Tube-wells and hand-pumps are rendered useless particularly in the summer, when groundwater levels drop below 200 meters in several districts. This is when lakhs of people become dependent on conventional water sources such as ponds,bawalis (step-wells) and rivers.

The situation is so chronic that people's representatives have repeatedly raised the water crisis specter in the State Assembly, forcing the government to declare three districts - Panna, Chhattarpur and Tikamgarh - drought-hit immediately after the end of the rainy season. (When did this happen?) The groundwater level has dropped below 150 meters in these districts, for which the government has announced special financial packages for construction of ponds and water transportation facilities.

Brijendra Singh Rathore, a legislator, says that the situation in Tikamgarh district worsens every year. Despite average rainfall, nothing much has changed. Merely transporting water from nearby districts is not the solution, he says: rainwater needs to be utilized properly.

This problem is serious enough for the state to have recently gone on a water conservation drive involving grey-water reuse and rainwater harvesting.
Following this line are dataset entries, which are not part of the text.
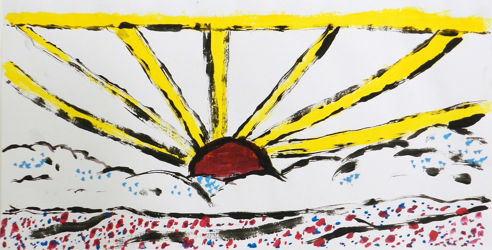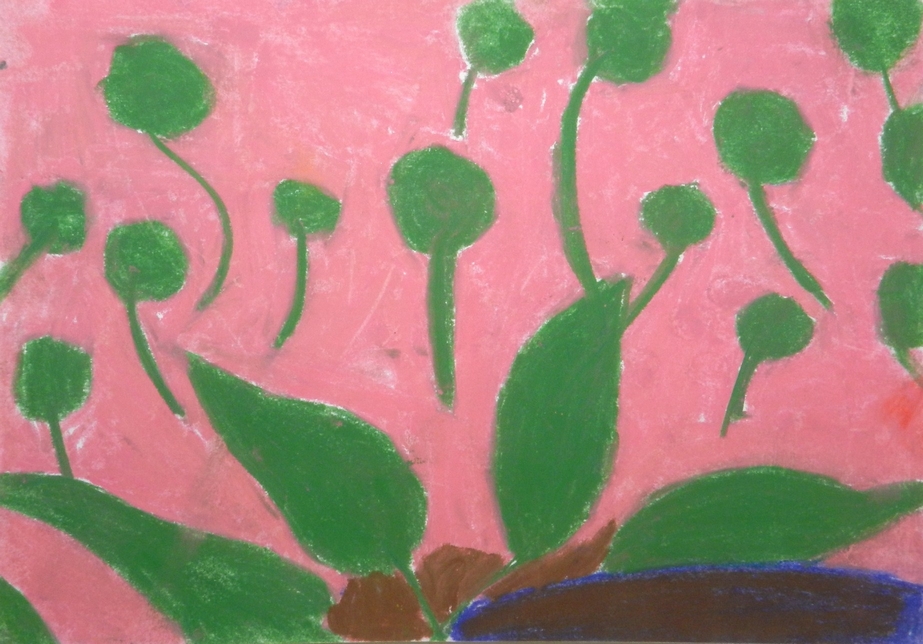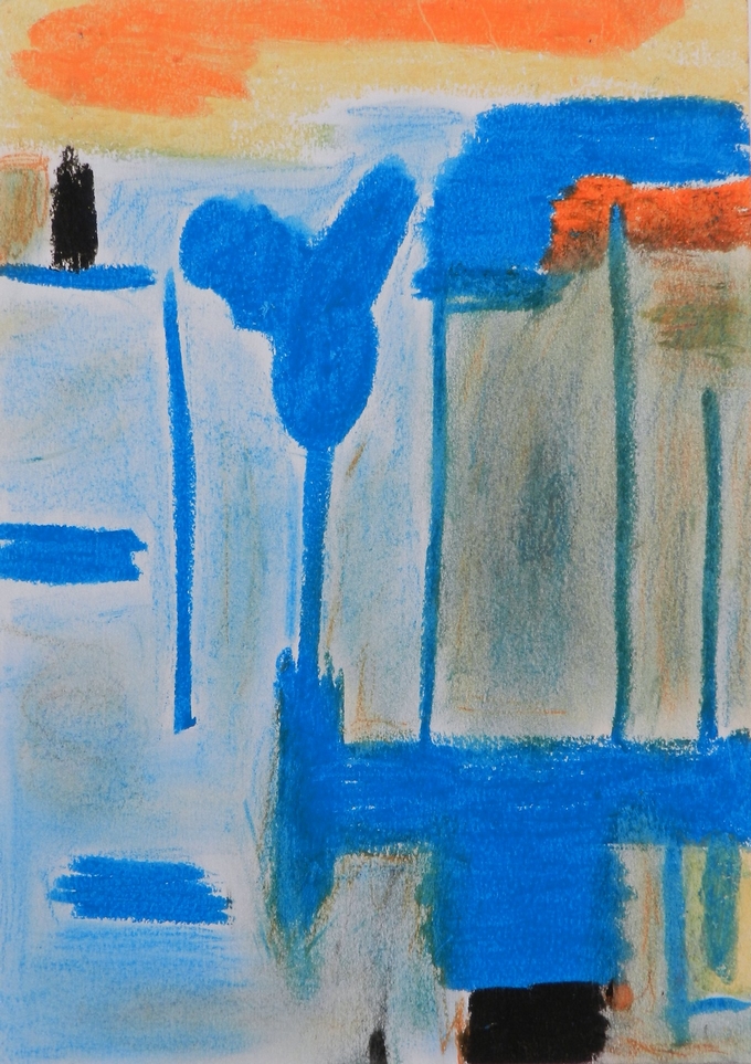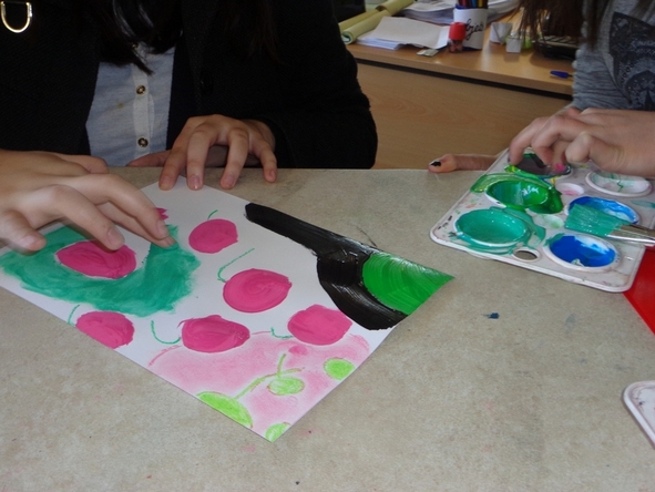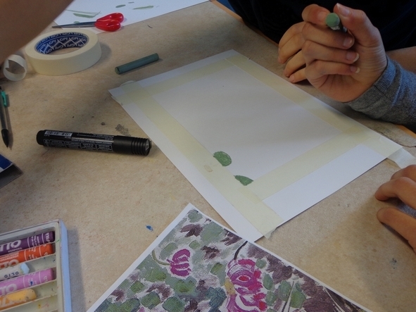 La classe se lance dans diverses expérimentations. Certains travaillent la matière picturale avec de gros pinceaux ou avec leurs doigts, d'autres préfèrent se raccrocher à des techniques plus familières, telles que le pastel ou l'aquarelle.
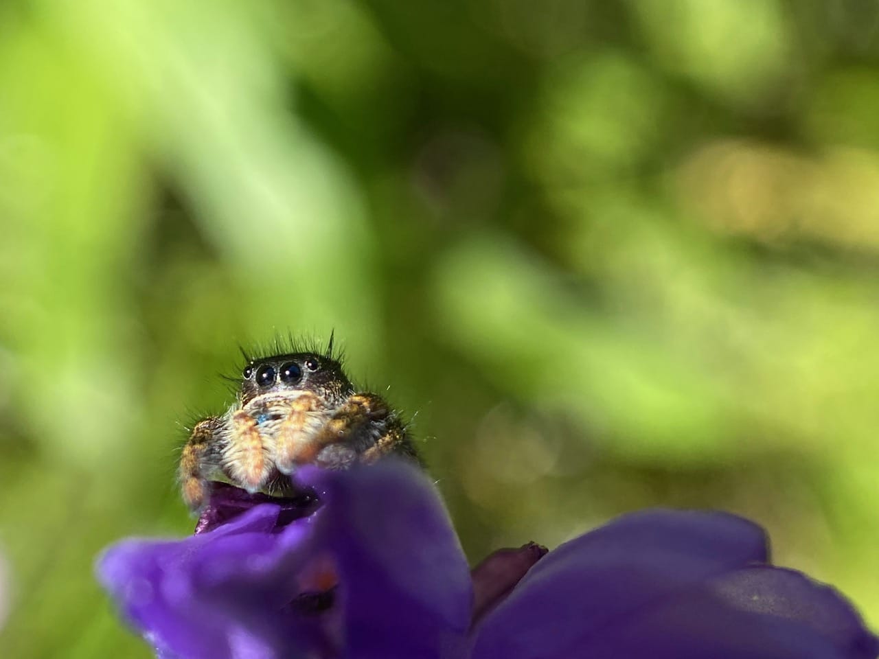Jumping spiders have excellent vision, with among the highest acuities in invertebrates. The 8 eyes are grouped four on the face (the two big Anterior Median Eyes in the middle, and two smaller Anterior Lateral eyes to the side), and four on top of the carapace. The anterior median eyes provide high acuity but small field of view, while the other six eyes act like our peripheral vision, with lower resolution but broad field of view. Since all eight eyes are fixed in place and can’t pivot independently from the body like human eyes can, jumping spiders must turn to face whatever they want to see well. This includes moving their cephalothorax up and down, an endearing behavior.
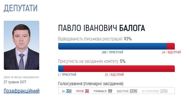 Павло Балога (позафракційний) – Відвідуваність (письмова реєстрація): 92% (161 – присутній, 14 – відсутній). Присутність на засіданнях комітету: 5% (1 – присутній, 21 – відсутній).
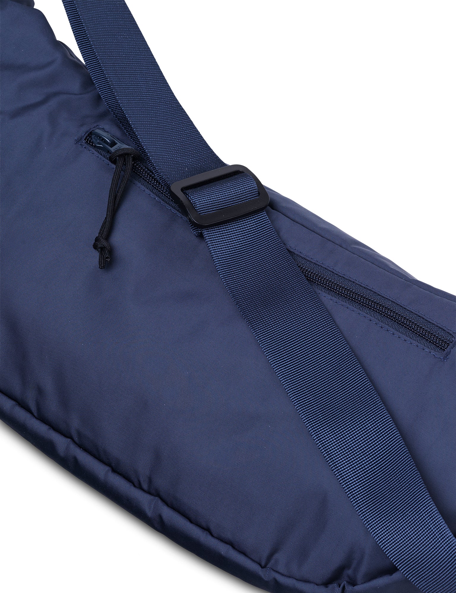 Tian Coco is a bumbag with an adjustable strap, zipper and four compartments: a front pocket, a back pocket and a pocket inside the large bumbag compartment. Total width at the top meas. straight from strap to strap: 46 cm. Total height at the back: 18 cm
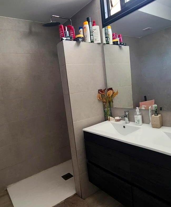 On the ground floor, you’ll find a spacious living-dining area with an open-plan kitchen that comes equipped and furnished. This level also has a bedroom and a bathroom with a shower. From the living area, there is direct access to the private garden, which features a gate leading to the community pool.
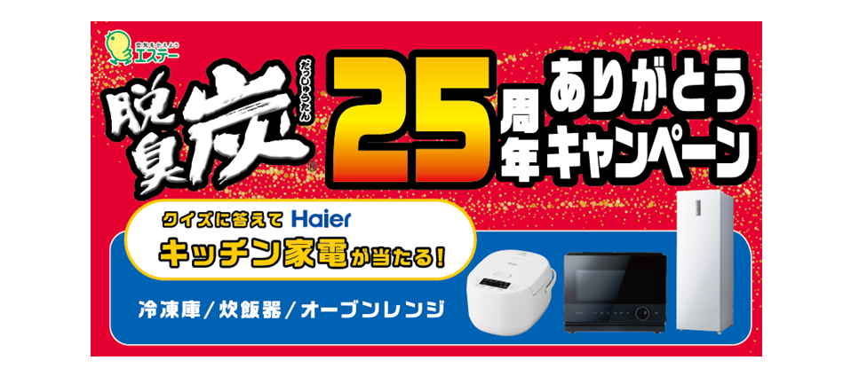 エステー株式会社は、ゼリー状の炭が小さくなることで使い終わりがひと目でわかる脱臭剤「脱臭炭」の発売25周年を記念し、日ごろの感謝を込めて、ハイアール ジャパン セールス株式会社とコラボした「脱臭炭25周年ありがとうキャンペーン」を実施。ハイアール製の冷凍庫やオーブンレンジ、炊飯器といったキッチン家電を抽選で合計25名様にプレゼントいたします。
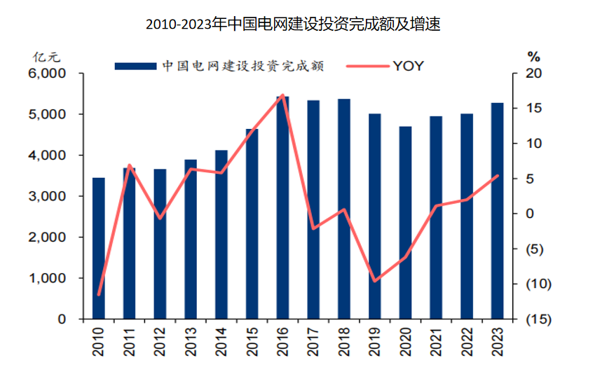 2023年電網(wǎng)基本建設(shè)投資額為5275億,同比增長(zhǎng)5.4%,預(yù)計(jì)2024—2025年電網(wǎng)投資將維持在7%的高增速,2025年電網(wǎng)基本建設(shè)投資額可能超過(guò)6000億。
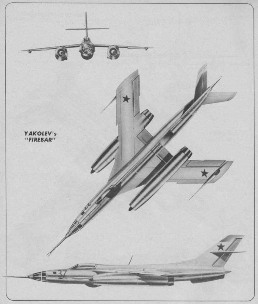A light bomber and reconnaissance aircraft (NATO code name ‘Brewer’), and all weather fighter (NATO code name ‘Firebar’) and trainer (NATO code name ‘Maestro’). The Yakolev Yak-28P Firebar was a two-seater transonic all-weather twin-jet interceptor with a maximum speed of Mach 1.1 at 35,000 feet and a service ceiling of 55,000 feet. The Yak-28 first flew on 5 March 1958.
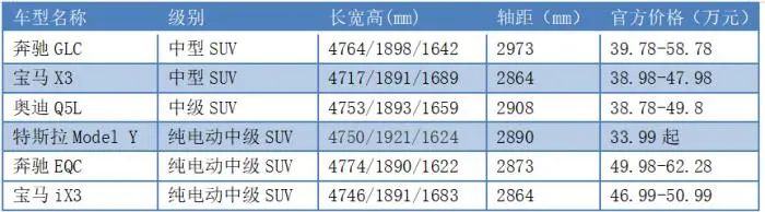 就Model Y而言,真正意义上冲击的是奔驰GLC、奥迪Q5L及宝马X3等豪华品牌的中级SUV。
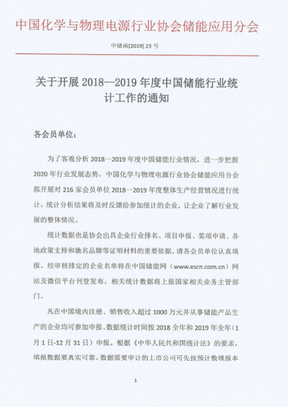 為了客觀分析2018—2019年度中國儲能行業(yè)情況,進(jìn)一步把握2020年行業(yè)發(fā)展態(tài)勢,中國化學(xué)與物理電源行業(yè)協(xié)會儲能應(yīng)用分會擬開展對216家會員單位2018—2019年度整體生產(chǎn)經(jīng)營情況進(jìn)行統(tǒng)計,統(tǒng)計分析結(jié)果將及時反饋給參加統(tǒng)計的企業(yè),讓企業(yè)了解行業(yè)發(fā)展的整體情況。
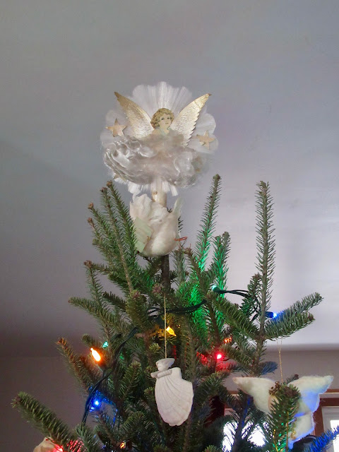 Our traditional tree topper is a very old angel ornament named Mirandi made of spun glass, an early word for fiberglass. It was given to me by my parents who had it for years. The earliest photo I could find is from 1957 but I think it is older. Its box has no date printed by the manufacturer, although I found one identical online stating it was from the 1930's. But, the company may not have updated the box for years, so who knows. The company was founded in 1888 in Manitowoc, WI as a early ornament and toy maker. It was sold and reorganized as the National Tinsel Co. in 1918 and ended the toy program. Today, the company is known as Santa's Best, located in West Chester, PA.
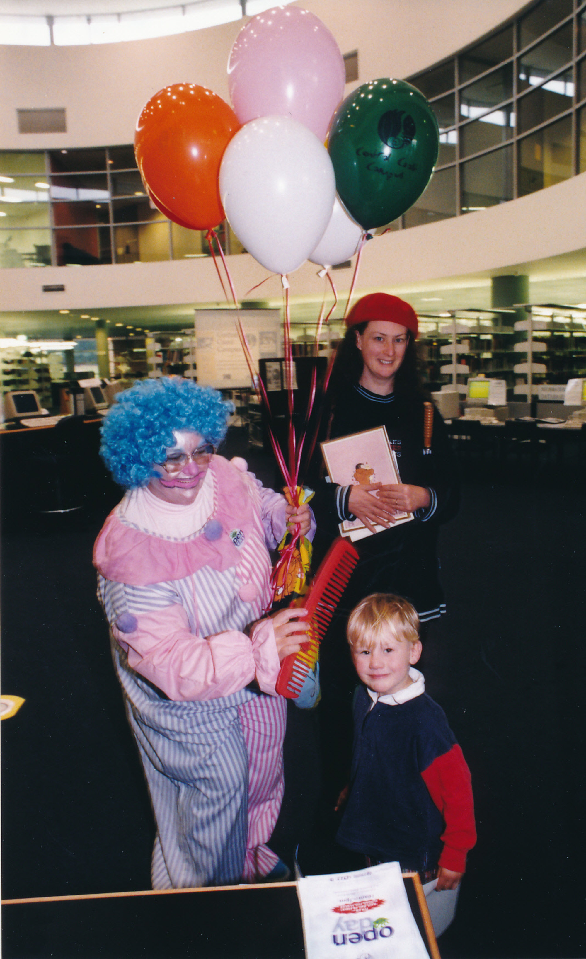 Unidentified children with an unidentified clown in the Central Coast Campus Library during an open day [n.d.] [Some of the same people as previous image 01589], [B004_IMG1590]. Living Histories, accessed 24/01/2026, https://livinghistories.newcastle.edu.au/nodes/view/29484

An engineer of the state's Public Health Engineering Department (PHED) claimed that awareness is being created among citizens towards water conservation.
In the most basic architectural terms, this entails the construction of a special structure on the rooftops of buildings, from where rainwater debouches into an over-ground or underground water tank. This water is used for non-potable purposes such as gardening and in bathrooms.

Technological simplicity is the keyword. In the state's Dhar and Jhabua districts, UNICEF and the National Environmental Engineering Research Institute (NEERI), Nagpur, have designed and implemented water management schemes that are simple enough to be operated and maintained by children's water safety clubs.
These clubs have reduced water demand by 60 per cent in tribal 'ashram schools', and have been highlighted by the PHED as worth replicating throughout the state.

Pinky Bhawar, a student of class 10 in a government school in Dhar district, who shares a tribal hostel with 275 other girls, is member of a water safety club in her hostel. The club not only discusses matters of awareness of water conservation and reuse, but also helps the hostel maintain the system and keep it clean.
The water reuse system in Pinky's hostel recycles wastewater from bathroom use and washing hands and reuses it for gardening and flushing toilets. The hostel also has a rainwater harvesting system in place. Apart from showcasing the fact that development functions best when it percolates down, it also means that the girls at the hostel get extra water to bathe every day.